Lunes 12 de marzo del 2018


Hace media hora llevé a las niñas a la escuela. Ya estoy lista para ir a trabajar, pero estoy sentada en la silla de mi tocador esperando que Mariano salga de la ducha.

No apareció en todo el fin de semana, llegó hace un par de horas sin pronunciar palabra, saludó a las niñas de manera fugaz, les dio un beso y un chocolate por su cumpleaños. Sé que lo tomó de la fábrica en el último momento, que no tenía nada preparado para ellas, a pesar de que planeamos la fiesta desde hace semanas. De todas formas, mis hijas se emocionaron como si les hubiera dado un gran tesoro y lo abrazaron.

El ruido del agua al caer cesa. El humo se escapa cuando abre la puerta.

Mariano sale con una toalla amarrada en las caderas, el agua resbala por su pecho, la visión de su cuerpo desnudo enciende el mío. Pero tengo que contener las ganas de acercarme y besarlo, recorrer su piel con mis dedos porque sé que él no quiere que lo haga.

Siempre ha sido atractivo, no tiene la belleza despampanante de mis primos, pero es guapo. Su cuerpo es esbelto, delgado y cuidado por correr maratones. Recuerdo que me conquistaba con una mirada pícara que ya no guarda para mí, hace tanto que no me mira con deseo.

Mis párpados se cierran con dolor para alejar el pensamiento de mis manos tocándolo, de mis labios besándolo la última vez que estuvimos juntos de esa manera. Hace tanto que no me toca, hace tanto que espero que llegue en las noches a hacerme el amor.

Lo extraño.

Extraño sentirme deseada, extraño que alguien tenga atenciones conmigo y recuerde las cosas que me gustan. Mierda, extraño sus besos y que sus brazos me envuelvan.
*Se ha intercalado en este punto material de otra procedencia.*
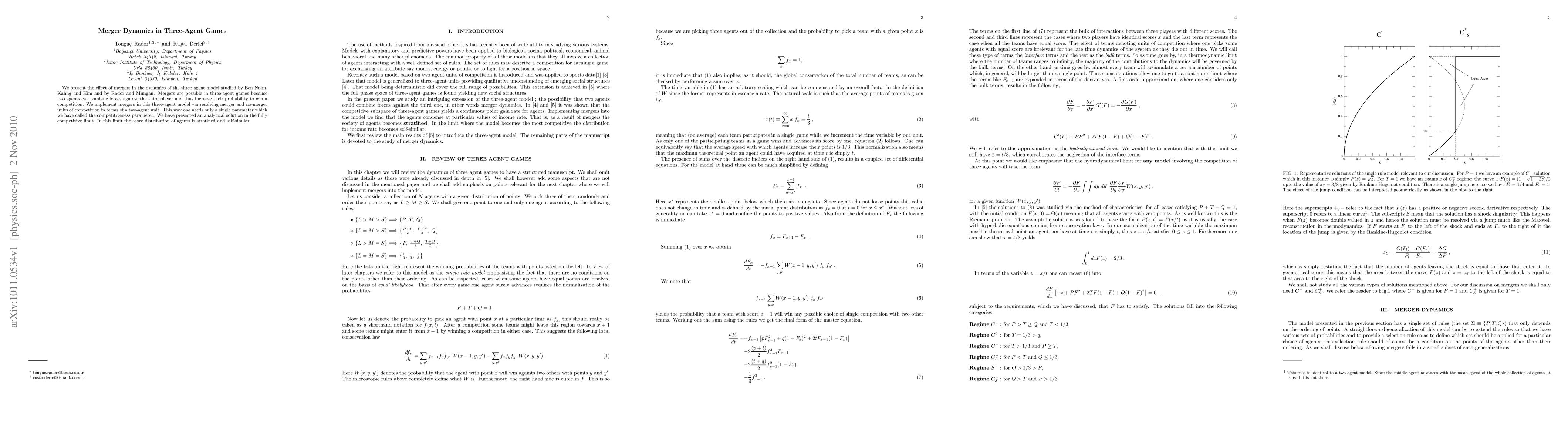 We present the effect of mergers in the dynamics of the three-agent model studied by Ben-Naim, Kahng and Kim and by Rador and Mungan. Mergers are possible in three-agent games because two agents can combine forces against the third player and thus increase their probability to win a competition. We implement mergers in this three-agent model via resolving merger and no-merger units of competition in terms of a two-agent unit. This way one needs only a single parameter which we have called the competitiveness parameter. We have presented an analytical solution in the fully competitive limit. In this limit the score distribution of agents is stratified and self-similar.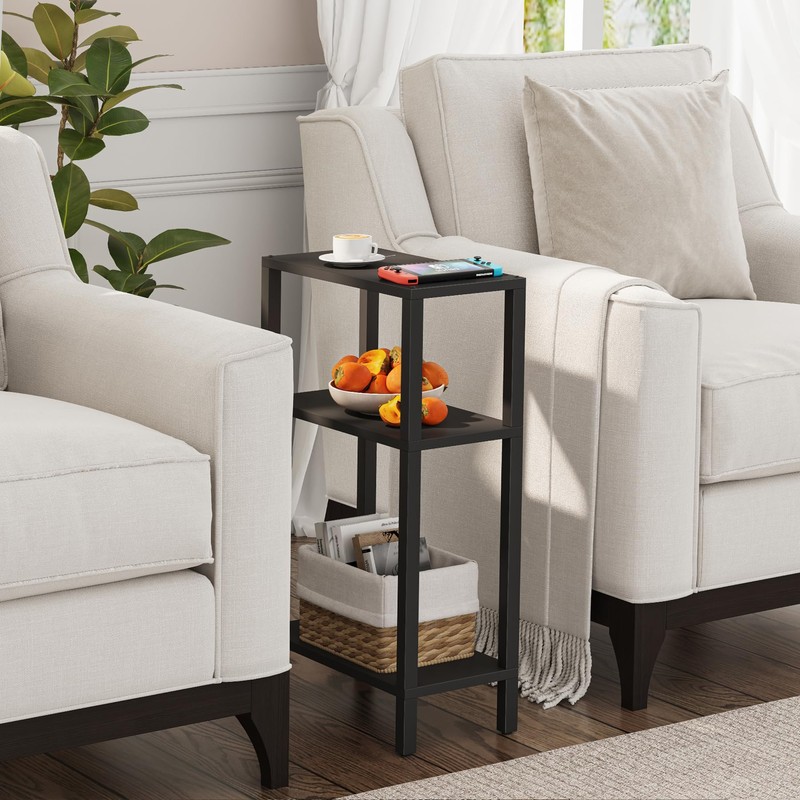 TUTOTAK Small Side Table, Narrow End Table, Skinny Sofa Table, Slim Nightstand, Couch Table, Living Room, Bed Room, Black TB01BK0772
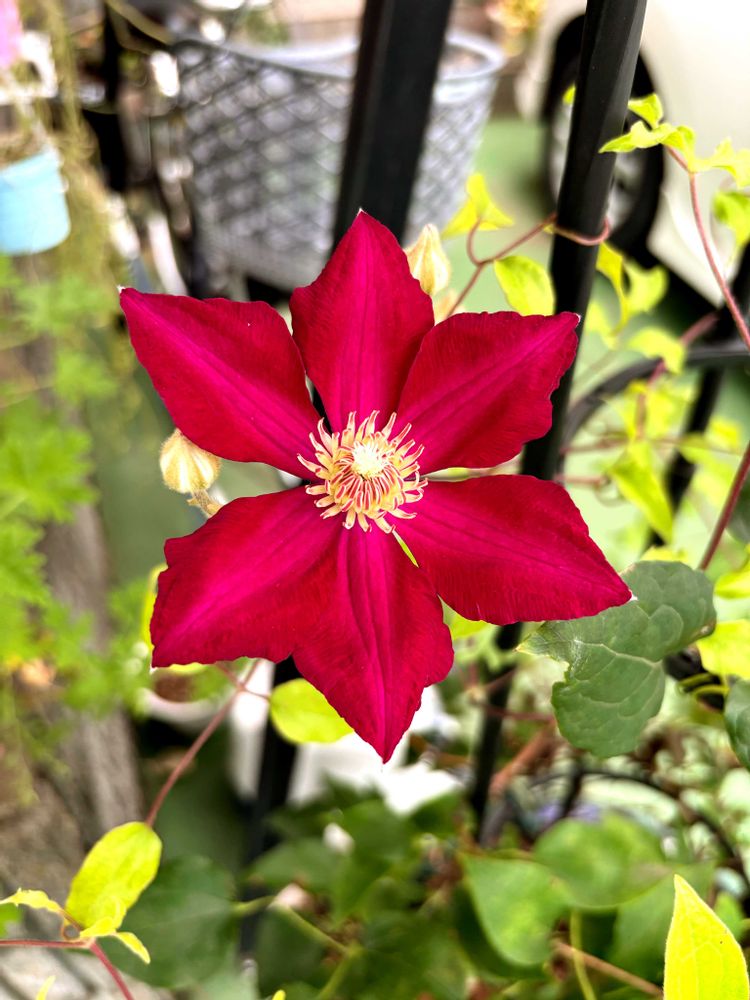 三種混合クレマチスの中のレッドクーラーが2度目のお花を咲かせました やっぱり小ぶりですね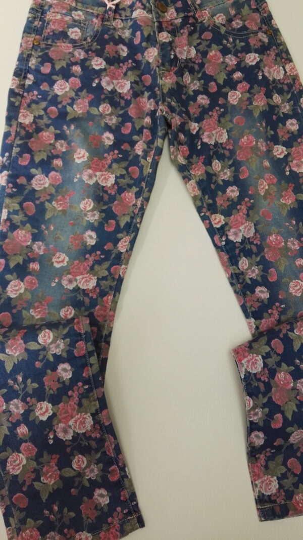 JEANS LUNGHI BIMBA A FANTASIA FLOREALE DI ROSE.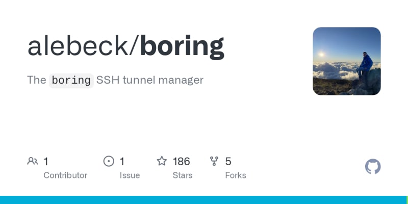 The 'boring' SSH tunnel manager is a simple and reliable command-line tool designed for managing SSH tunnels. It supports both local and remote tunnels, is compatible with SSH config and ssh-agent, and allows automatic reconnection. Configuration is user-friendly via a TOML file, and it supports Unix sockets. Binaries are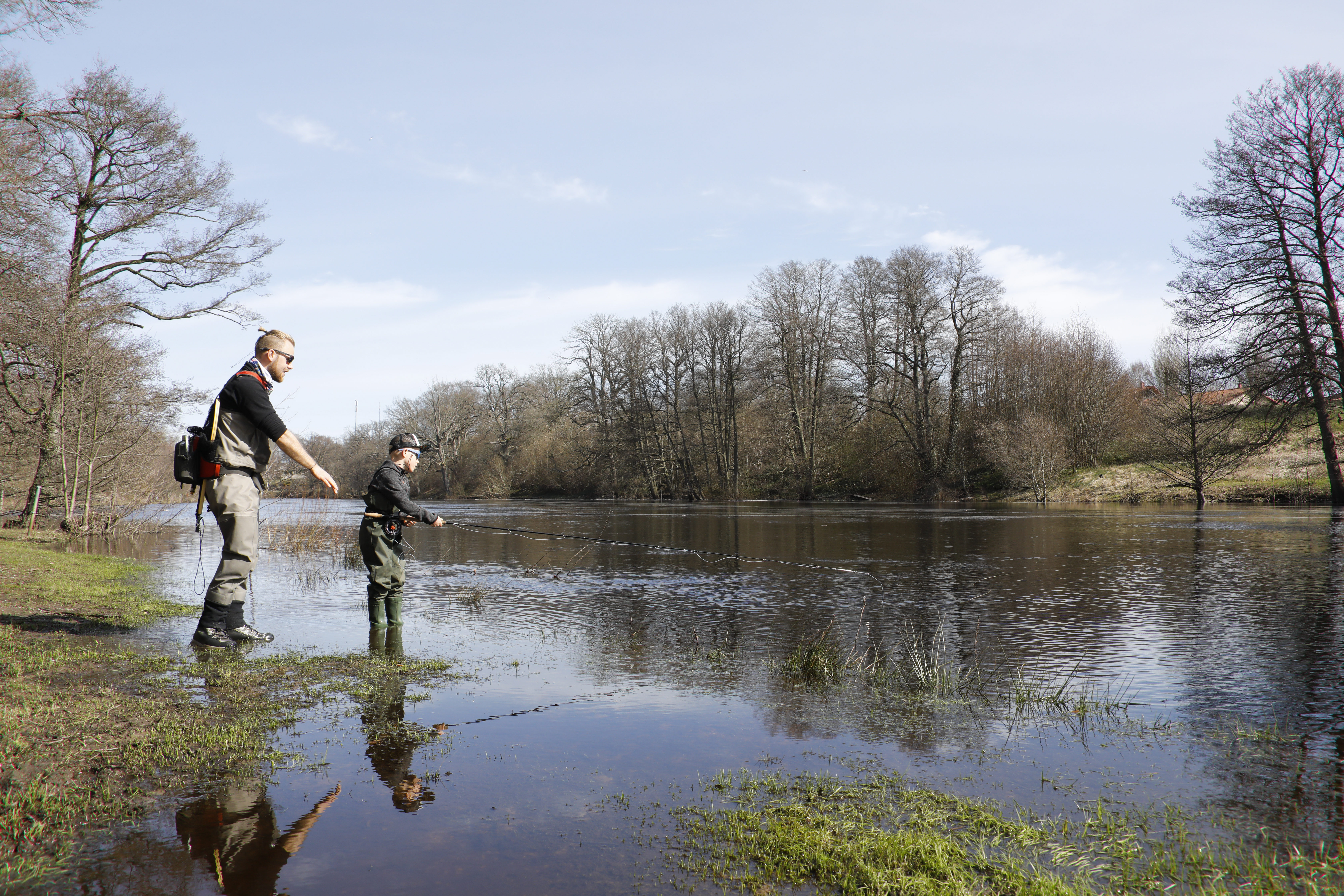 • Beskrivning: För tredje året i rad arrangerade Mörrums Kronolaxfiske årets första Ungdomsfiskets dag i strålande aprilväder under långfredagen. Tidig introduktion till flugfiskets ädla konst. Henrik Mårtensson instruerar sonen Per-Axel Wintervie.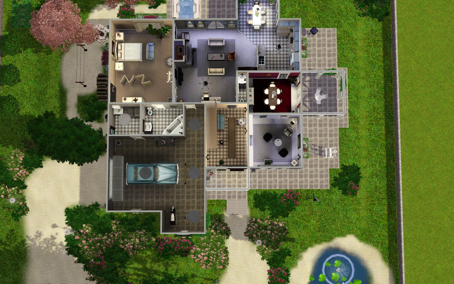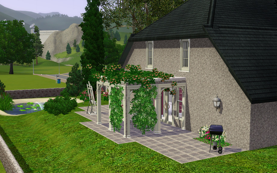 A tranquil cottage built on a hill. Suitable for a larger family, with a fully furnished nursery, spacious kitchen and a well equipped laundry room, as well as a kitchen garden. The garage offers the man of the house a hiding place when the kids are too noisy. Let you sim families enjoy their lives in this beautiful home!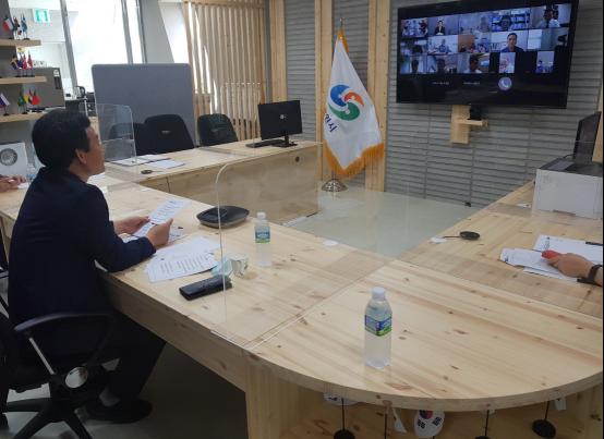 코로나19 2단계 격상에 따른 강화조치에 따라 창원컨벤션센터 내 비대면 상설화상 상담이 가능한 창원 큐피트센터에서 류효종 창원시 스마트혁신산업국장이 회의를 주재하였고 15명의 창원 ICT기업체 대표들은 사무실 등에서 온라인 접속을 통해 회의에 참여하였다.

Pero al mismo tiempo comprendo por qué parece que él ya no me desea, entiendo por qué toma cualquier oportunidad para irse, por qué prefiere la lejanía.

¿Cómo puedo pedirle algo con lo que él nunca estuvo de acuerdo?

¿Cómo puedo exigirle que me ame y que quiera estar conmigo?

Es imposible.

Lo puedo comprender y por eso nunca me quejo, pero jamás me arrepentiré de lo que hice porque mis hijas están hoy conmigo, son todo para mí, no puedo imaginar una vida sin ellas. Sus sonrisas borran cualquier rastro de culpabilidad que pueda sentir, cualquier rencor.

Sé que deberíamos solo dejarlo, separarnos, que cada uno siga su camino. No obstante, una parte de mí se aferra a intentarlo, a empezar de nuevo.

—Hola —saludo.

Me mira de reojo, pero sigue haciendo lo suyo. Se acerca a la cama, donde acomodé su ropa ya planchada. Hace una mueca de desagrado al ver la corbata que elegí, rápidamente la descarta y busca otra. También trae otra camisa del armario.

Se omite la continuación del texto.